I suppose the main issue I like to take up when writing for and about boys - and I do write about boys, because I feel for them - is the issue of the Silent Code of Conduct (my term). We boys get kind of stuck in this code, though no one openly talks about it. I guess the best way to illustrate this code-thing would be through a story. This is part of my own life, an experience that I carry within me that in very subtle ways probably influences my writing.
One calm day I was out surfing. The waves were barely big enough to make the effort worthwhile, but the ocean was warm and sparkled like diamonds. I sat on my surfboard looking back at the trees and rocks along the coastline, thinking about whatever came into my mind. I was happy to be there, just me and one of my friends, and two other guys I didn't know. We were all around fourteen or fifteen years old.
We'd been out for about an hour when one of the boys I didn't know calmly pointed his chin toward the reef, about 40 or 50 feet away. "Got one shark surfing with us," he said, as if it were a mullet, or one of those fat hotel-pond carps.

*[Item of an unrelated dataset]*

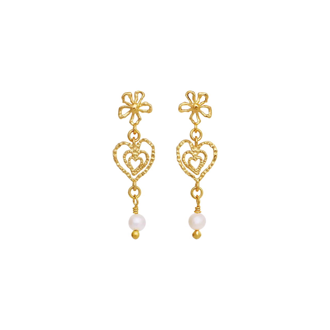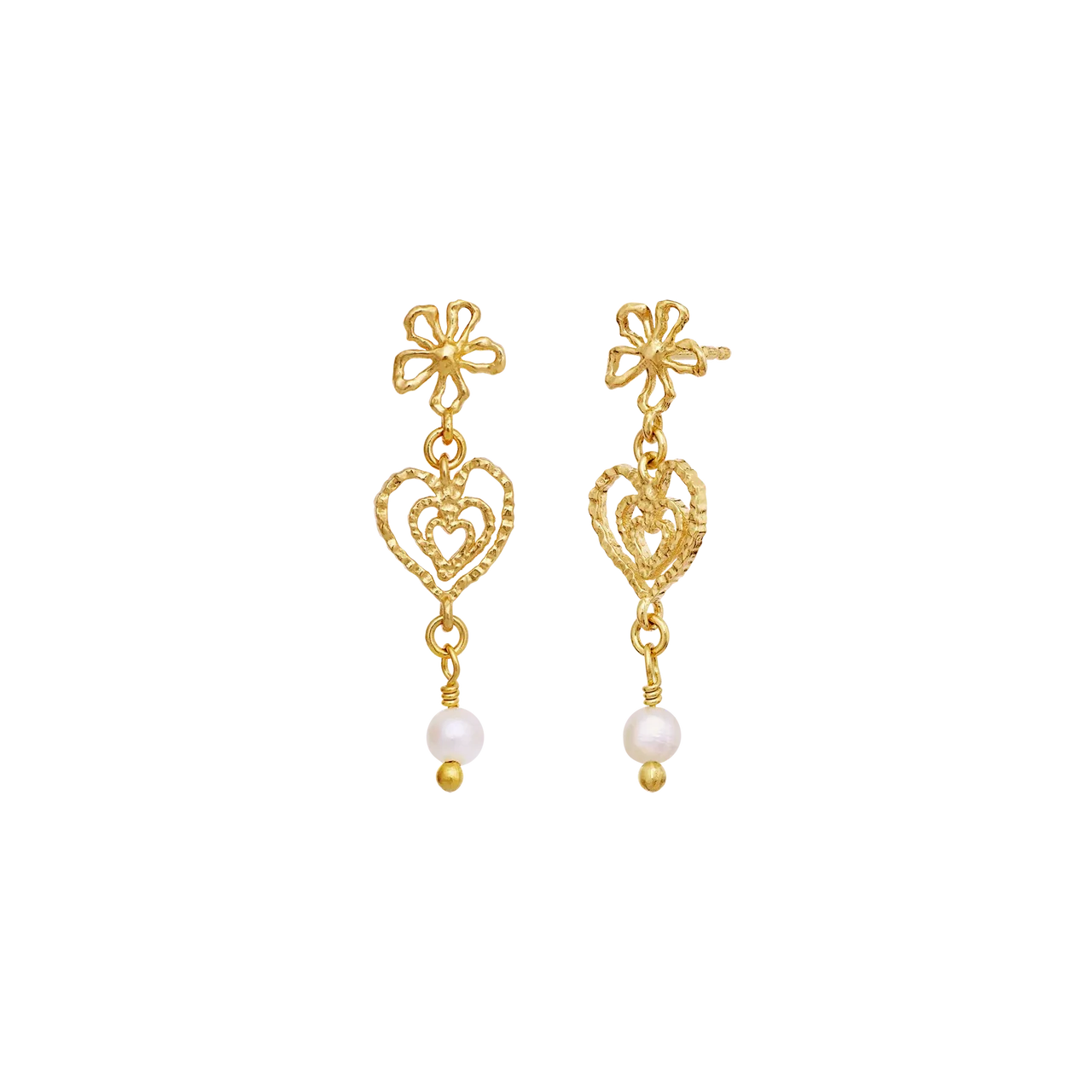 Den varme 18 kt. forgyldning giver øreringene en gylden glød, som fremhæver perlernes naturlige skær og gør dem lette at style til både hverdag og fest. En del af Maanesten SS26 kollektionen med fokus på sommerstemning og kærlige symboler.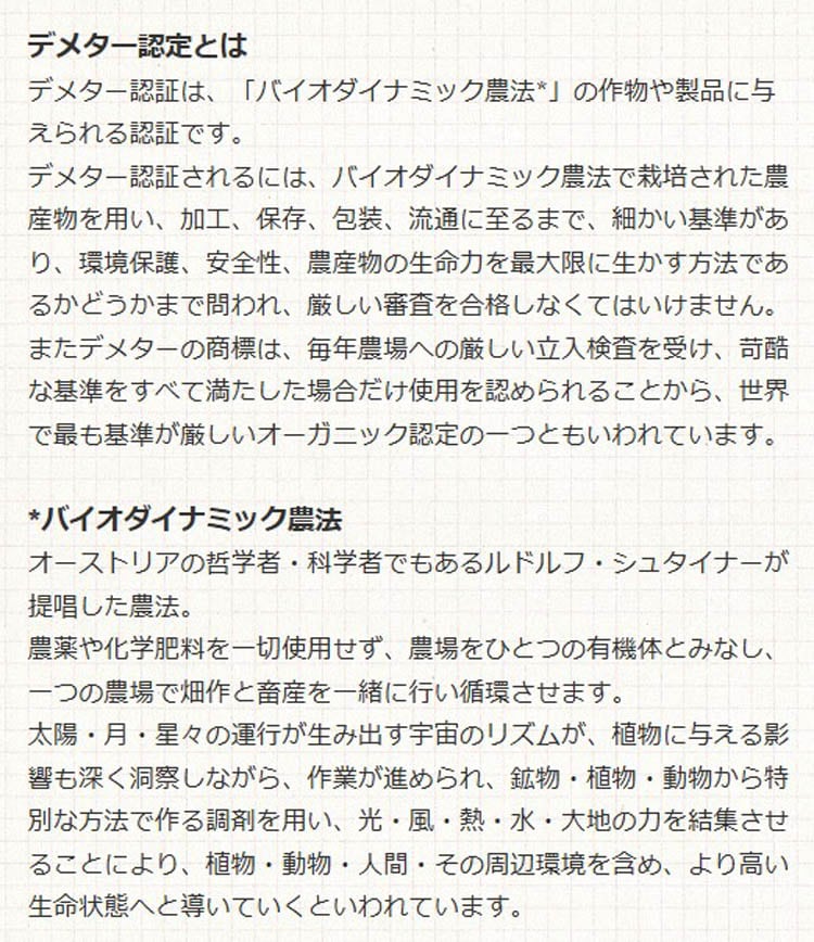 ※デメター認証:バイオダイナミック農法により栽培された農産物を用い、生産・加工・流通に至るまで厳しい基準を満たした農畜産物、その加工品に対し認められる国際的な認証です。

Of course, the shark got my attention - every bit of it. I wondered if it was alone, or if there were more of them we couldn't see. The strength in my arms suddenly felt like jelly. I had never heard of a shark attack on the Kona coast, where I lived. But I had heard of attacks off other islands. They came instantly to mind. There was the boy who died after losing a leg off Kailua Beach Park on the island of Oahu. How could I ever forget that one? I could still see the picture of his chewed-up surfboard on the front page of the Honolulu Advertiser . But that was a long time ago, I reminded myself. And it was in different waters.
None of us moved. None of us started paddling in to shore. We just kept sitting there with our legs, from the knee down, dangling underwater. I don't know what went through anyone else's mind, but I remember my thoughts clearly - dry land, the beach, hot sand under my feet Now!
But did I head in? Not hardly. I sat there with the rest of them, keeping an eye on the shark, as much as I could, anyway, trying not to look nervous, which I was - drowning in fear, would be a better way to put it.
But still, I'd never heard of a shark attack in Kona. My self-talk must have been something like this: "Is it worth being called a coward over something that probably won't happen? Is it worth getting razzed and branded as a chicken, or worse, a sissy?"
The fin disappeared, leaving a small whirlpool, then reappeared farther off. Then closer in. The only way you could tell where the shark was, was when you caught a glimpse of that awful, wet, gray fin. I had never really thought much about sharks before that moment. They were "out there," somewhere in that vast, watery underworld. I knew they were scavengers, and mostly nocturnal. And that in the islands, they were well-fed and pretty much left humans alone.
Didn't they?
I glanced into the water, looking for dark moving shapes beneath me, but every shape down there started looking suspect. Everything that moved, even the smallest fish, sent shivers over my scalp.
Still, my legs hung from my board. Just like everyone else. How could they be so gutsy, I remember thinking. I wanted to pull my legs up on my surfboard more than I wanted to breathe. But I didn't. I did what they did - which was nothing. Despite their casual bravado, I would be willing to bet that each of those other three boys were scared spitless. But no one wanted to be the first to show his fear.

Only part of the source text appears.